ENTRIES PROVIDED:
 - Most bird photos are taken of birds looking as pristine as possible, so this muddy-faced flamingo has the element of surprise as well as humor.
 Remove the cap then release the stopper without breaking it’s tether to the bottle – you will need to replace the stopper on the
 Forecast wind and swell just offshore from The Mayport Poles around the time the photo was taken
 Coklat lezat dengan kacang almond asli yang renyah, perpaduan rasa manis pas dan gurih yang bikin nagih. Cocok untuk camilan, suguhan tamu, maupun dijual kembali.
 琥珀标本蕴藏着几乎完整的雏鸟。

==

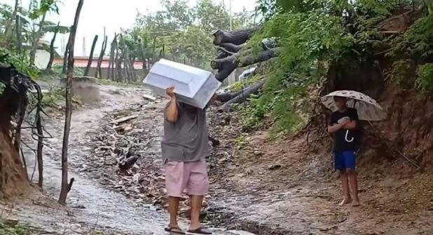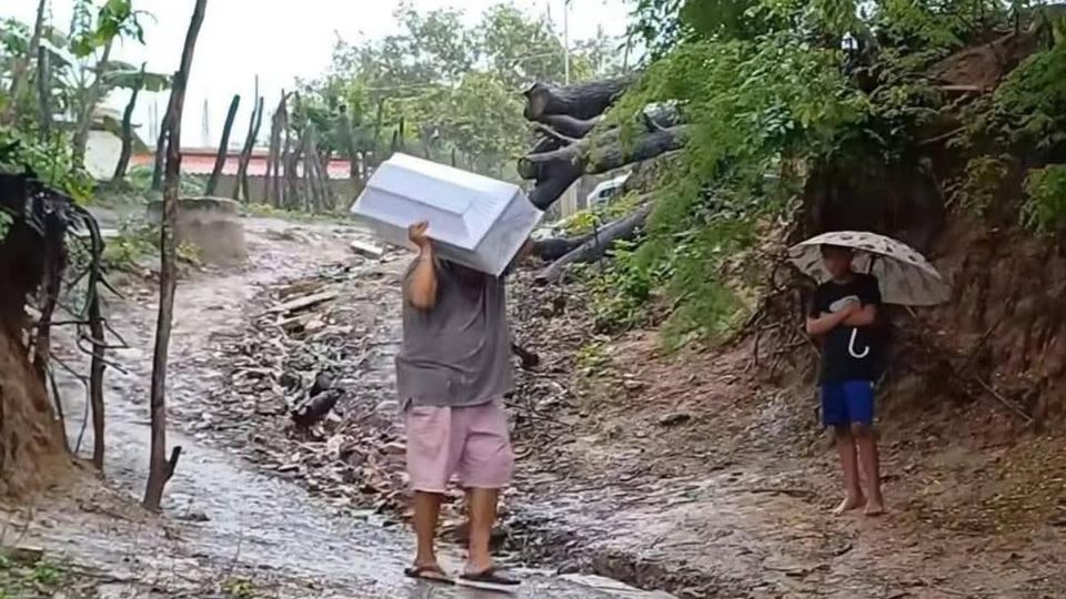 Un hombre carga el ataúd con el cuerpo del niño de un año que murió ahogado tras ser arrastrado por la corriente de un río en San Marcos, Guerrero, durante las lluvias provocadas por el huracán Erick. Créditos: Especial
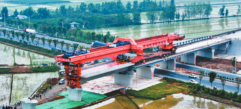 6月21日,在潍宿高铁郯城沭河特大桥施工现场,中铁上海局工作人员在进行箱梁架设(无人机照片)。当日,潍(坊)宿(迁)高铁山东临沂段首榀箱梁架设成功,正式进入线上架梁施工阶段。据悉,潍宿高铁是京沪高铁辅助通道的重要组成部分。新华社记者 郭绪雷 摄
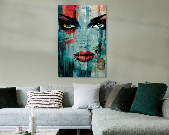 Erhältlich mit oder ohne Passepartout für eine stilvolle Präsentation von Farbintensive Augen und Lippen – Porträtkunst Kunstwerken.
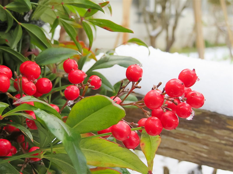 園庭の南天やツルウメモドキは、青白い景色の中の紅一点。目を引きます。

YOUR TASK:
Please give back exactly the lines of the listing above that run from the one containing "Remove the cap" through the one containing "琥珀标本蕴藏着几乎完整的雏鸟。", and only those.

TASK OUTPUT:
 Remove the cap then release the stopper without breaking it’s tether to the bottle – you will need to replace the stopper on the
 Forecast wind and swell just offshore from The Mayport Poles around the time the photo was taken
 Coklat lezat dengan kacang almond asli yang renyah, perpaduan rasa manis pas dan gurih yang bikin nagih. Cocok untuk camilan, suguhan tamu, maupun dijual kembali.
 琥珀标本蕴藏着几乎完整的雏鸟。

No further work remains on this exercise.